Aim To compare the shaping ability of three different single-file systems with Mtwo rotary instruments during the preparation of curved root canals in extracted teeth. Methodology A total of 80 root canals with curvatures ranging between 25 degrees and 35 degrees were divided into four groups of 20 canals. Based on radiographs taken prior to instrumentation, the groups were balanced with respect to the angle and the radius of canal curvature. Canals were prepared to the following apical sizes: Mtwo: size 30 using the single-length technique; Reciproc, F360, and OneShape: size 25. Using pre- and post-instrumentation radiographs, straightening of the canal curvatures was determined with a computer image analysis programme. Preparation time, changes in working length, and instrument failures were also recorded. These data were analysed statistically using anova and StudentNewmanKeuls test. Results During preparation, no file fractured.

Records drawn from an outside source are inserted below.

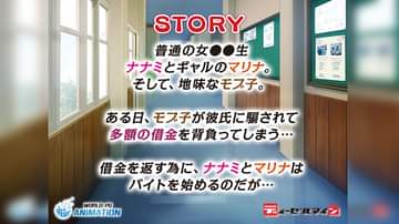 同人サークル「ディーゼルマイン」のPCゲーム、「女●●生ナナミ・マリナ ~エッチなバイト性活~」がモーションアニメ化!!タイプの違うナナミとマリナを操作して、お金を稼ごう!健全? 不健全!? なアルバイトで友達の借金返済を手助け!!アルバイトは危険(セクハラ)が一杯!?借金返済の果てに2人(+1)を待つ運命は…娼婦かそれとも!?清楚系J●とギャル系J●のエッチなお金稼ぎ!・服屋でバイト中、試着室でマリナが男性客に…?!・マッサージ店のバイトで店長に騙されたナナミが、手コキ+睾丸マッサージを覚えさせられる?!・フィットネスクラブで店長とのエッチな個人レッスン!・ガールズバーで働くマリナ・VR体験でゲームと現実でエッチな目に遭うナナミなどなど……普通(だけど巨乳)の女●●生ナナミとギャルのマリナ、そして、なぜか一人だけ彼氏のいる地味なモブ子。不思議と仲良しの3人組だったが、モブ子が彼氏に騙されて多額の借金を背負ってしまう。それでもまだ彼氏を想うモブ子を正気に戻すため、そして、借金を返す為に、ナナミとマリナはバイトを始める……。2人は無事にお金を集められるのか、それともHなバイトに手を染めてしてしまうのか!?
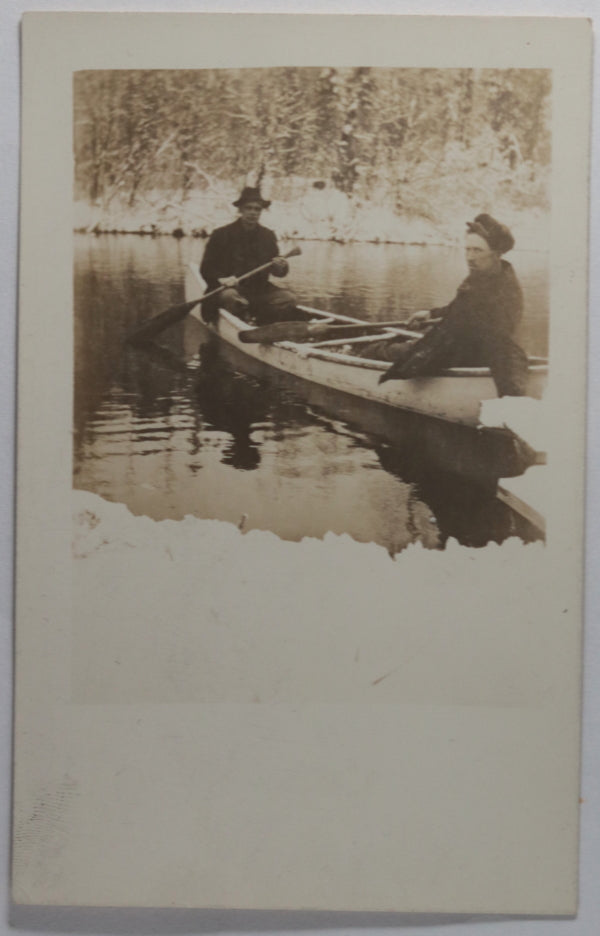 RPPC postcard winter photo of convoy of wagons traveling along mud path in forest, headed...
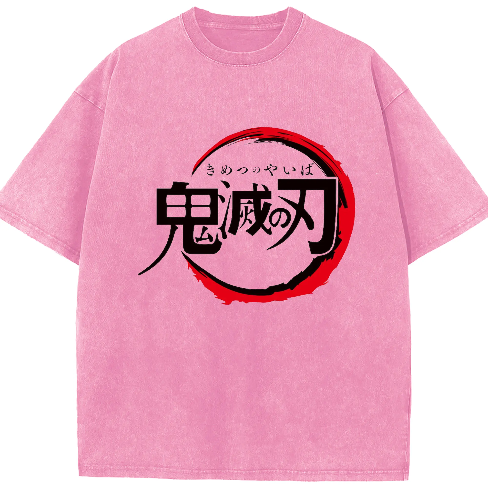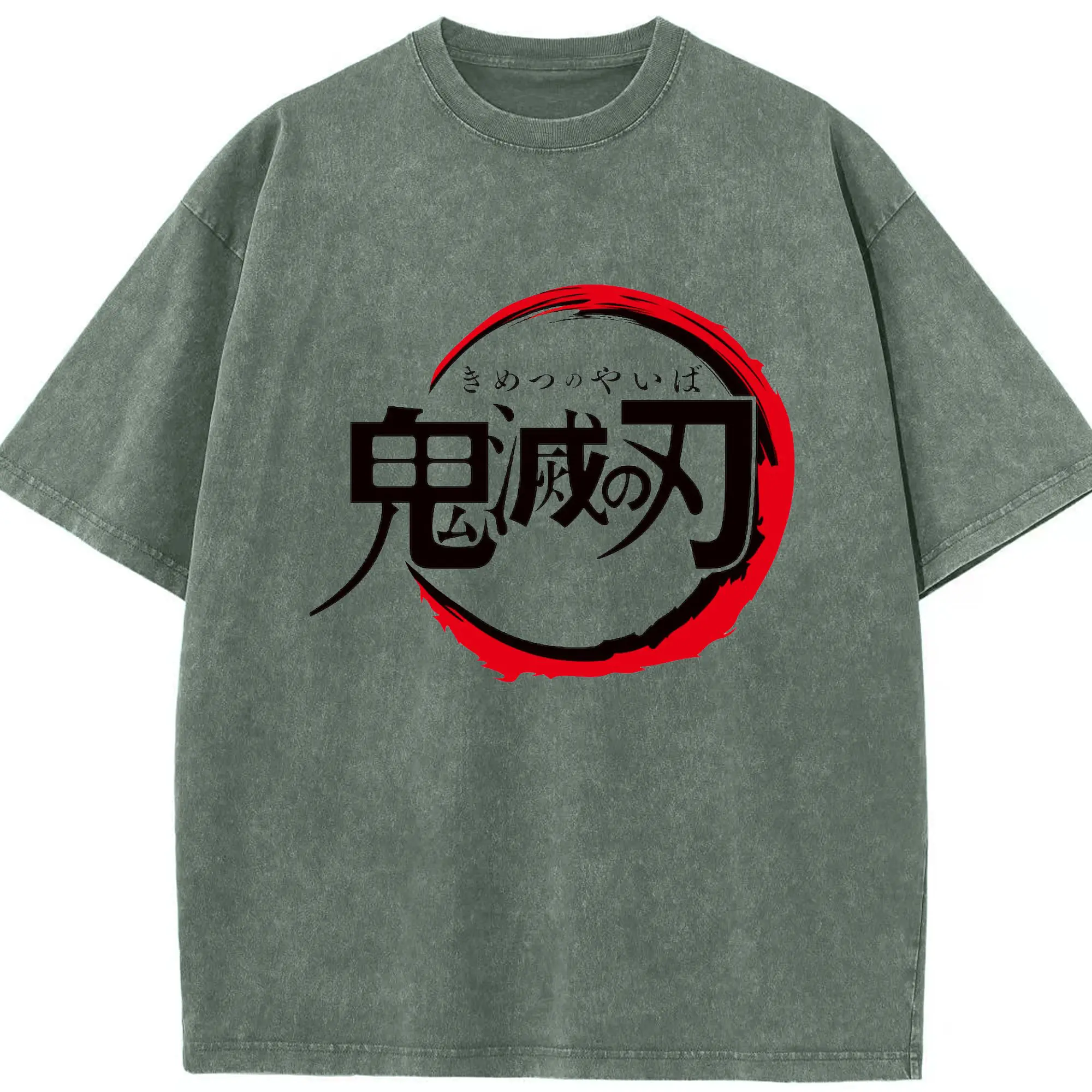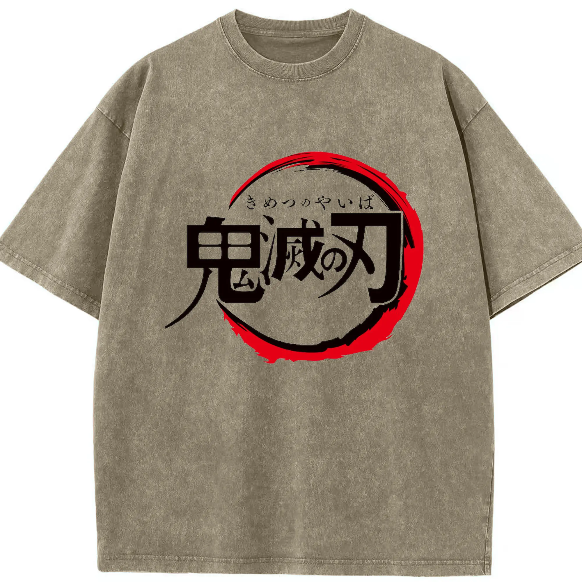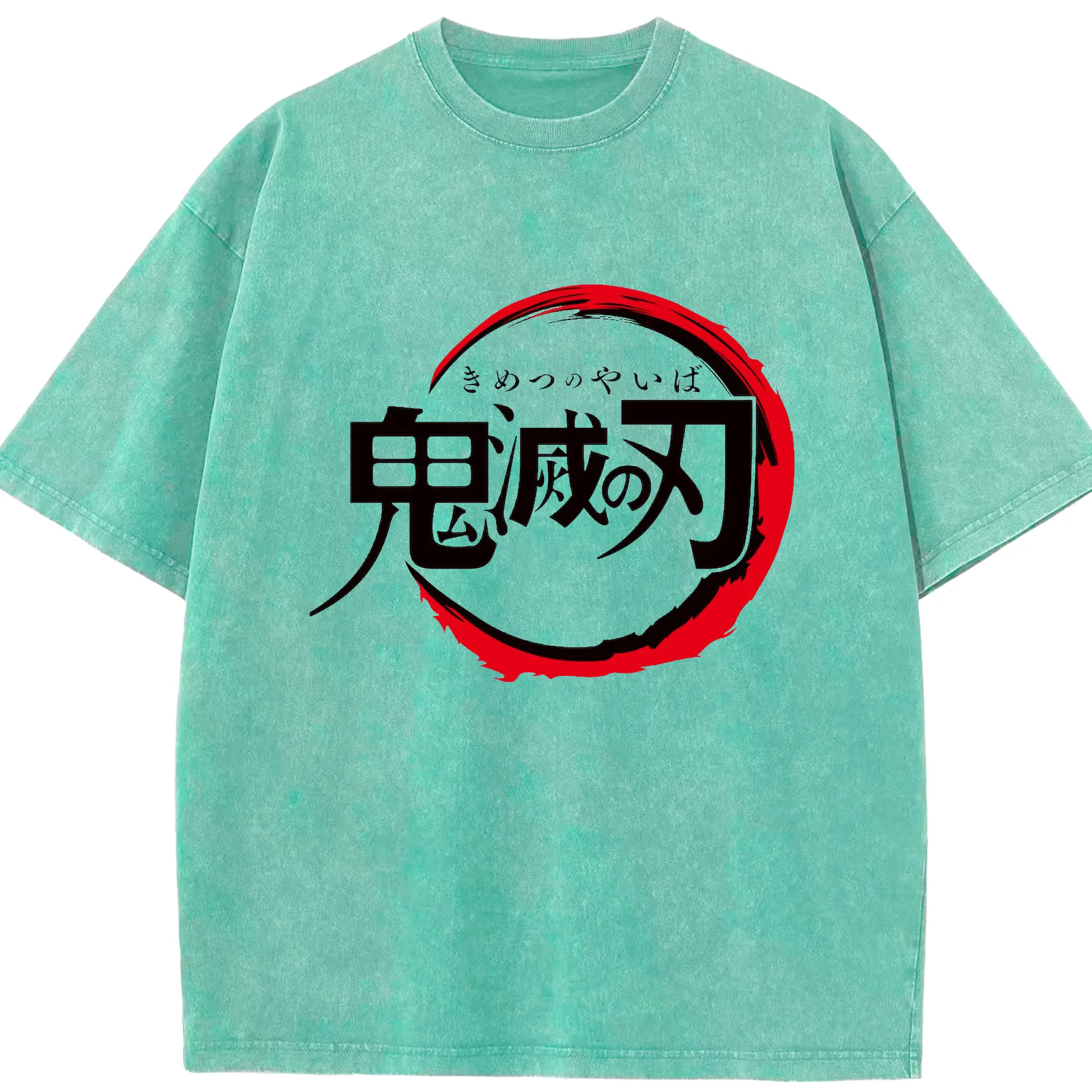 鬼滅の刃 シンプルロゴ - 綿100% ヴィンテージ風 半袖Tシャツ ・ フロントプリント ・ 柔らか肌触り ・ 通気性 快適 ・ スポーツ カジュアル 外出用
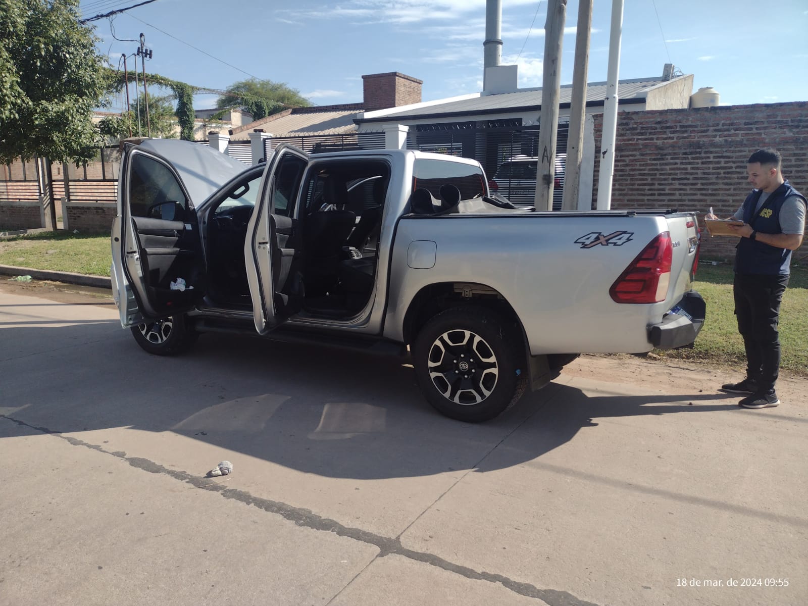 Fue a las 09.50 horas cuando desde calle 15 entre 000 y 0000 del Barrio Reserva Este procedieron al secuestro de dos camionetas que estaban en la vía pública. Una marca Chevrolet, modelo Silverado, dominio DPC 894, doble fondo y otra marca Toyota Hilux, cabina doble, dominio AD 996 WS, todo ello en el marco de la causa por infracción al Artículo 303°, 304° y 210° CPA (Lavado de activos y Asociación Ilícita).

All instruments maintained the original canal curvature well with no significant differences between the instrument systems (P=0.792). Instrumentation with Reciproc and OneShape was significantly faster than with F360 and Mtwo (P<0.05), while F360 was significantly faster than Mtwo (P<0.05). No significant differences were obtained regarding changes in working length during instrumentation with the different instruments (P=0.784). Conclusions Under the conditions of this study, all instruments respected the original canal curvature well and were safe to use. The use of Reciproc and OneShape instruments required less time to prepare the curved canals compared with Mtwo and F360.